Diante de sua letargia para definir, enquanto órgão de Estado, um plano nacional de imunização da população, bem como de aquisição do antídoto para a doença, governadores estaduais passaram a pressioná-lo por uma definição do assunto, visando evitar que cada unidade da federação tivesse que fazer esta parte por sua conta, como foi no caso das medidas preventivas à doença ao longo de todo o ano, quando de forma irresponsável o governo federal passou grande parte de suas responsabilidades aos governadores estaduais. Nesse compêndio de irresponsabilidades destacam-se: o negacionismo da doença; a falta de planejamento e de ações por parte do governo federal; a difusão de crenças relativas ao uso de medicamentos sem qualquer comprovação de suas eficácias; o desprezo pelo uso de medidas que mitigassem o contágio, particularmente da máscara; o boicote a determinadas vacinas, etc.

Foi nesse clima que o Ministro se reuniu (de forma presencial e virtual) com os governadores dos estados no dia 08.12.20 (terça-feira). Desde o início, a reunião foi marcada por um clima tenso, especialmente quando o ministro foi categórico em afirmar que a certificação de qualquer vacina por parte da Agência Nacional de Vigilância Sanitária (ANVISA) levaria ao menos 60 dias e só deveria ocorrer a partir do mês de fevereiro de 2021, fato que deixou o governador de São Paulo muito contrariado, uma vez que o mesmo já anunciou que a vacinação da população paulista começaria no dia 25.01.2021. Tal posicionamento do ministro estava ancorado no calendário da vacina preferida do governo federal que será produzida pelo laboratório AstraZeneca e que ainda se encontra em fase final de testes. Além disso, o ministro se comprometeu a apresentar no dia seguinte o Plano de Aquisição e de Vacinação da População, bem como aceitou as ponderações de que vacinas reconhecidas por outras agências reguladoras fossem reconhecidas pela ANVISA em até 72 horas.

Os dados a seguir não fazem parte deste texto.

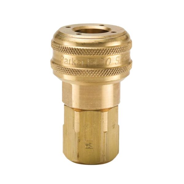Parker B35F 30 Series quick disconnect coupler features brass body construction for durability and efficiency. Ideal for various hydraulic applications. Made in USA.
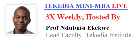 We turn sole proprietors into entrepreneurs, salespeople into growth makers, project leads into project champions, and small businesses into startups. Passing through our program adds a new strand called GROWTH in the DNA of your business. Experience Tekedia Live, hosted 3x weekly by Ndubuisi Ekekwe. Join us here.
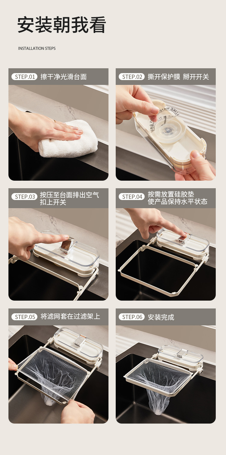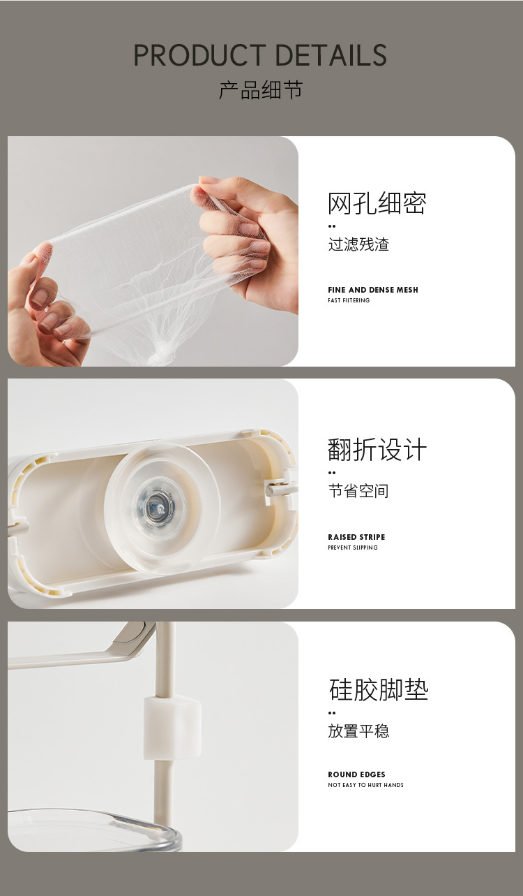 suction cup sink filter rack-milk silver
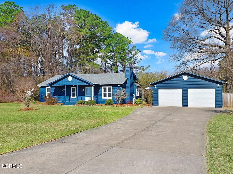 COUNTRY CHARMER! Situated on approximately .95 acres of unrestricted land, the exterior has been freshly painted to exude a like-new feel. The detached 2-car garage provides ample space for parking and storage.
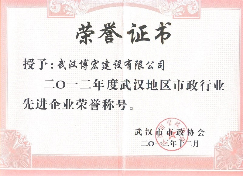 2012年度武漢地區(qū)市政行業(yè)先進(jìn)企業(yè)榮譽(yù)稱(chēng)號(hào)

Todavia, em coletiva no dia 09.12.20, o pronunciamento do general ministro em coletiva no Palácio do Planalto mais se pareceu com uma biruta de aeroporto, tamanho o grau de falácias de que o mesmo foi acometido. Vejamos algumas pérolas que foram proferidas: 1ª) afirmou-se que o Brasil poderia começar a vacinar sua população ainda no mês de dezembro, caso venha a ocorrer aprovação emergencial de vacina; 2ª) informou-se que o contrato com a empresa Pfizer já estava sendo finalizado; 3ª) que caso a Pfizer recebesse autorização emergencial ela adiantaria doses até final do ano; 4ª) que diante da cobrança dos governadores se comprometia a comprar outras vacinas caso houvesse demanda; 5ª) que essa ação (vacinação) seria centralizada no Ministério da Saúde, pois é uma atribuição do Governo Federal, não podendo existir qualquer plano em paralelo porque o momento é de “unir o país”.

A primeira informação foi desmentida pelo próprio secretário executivo do MS que, em coletiva no dia 10.12.20, foi categórico ao afirmar que o calendário do Governo Federal prevê o início da vacinação a partir do mês de março, não existindo, portanto, nenhuma data definida para o início desse processo. Além disso, ressaltou que até aquele momento o MS não tinha comprado nenhuma vacina.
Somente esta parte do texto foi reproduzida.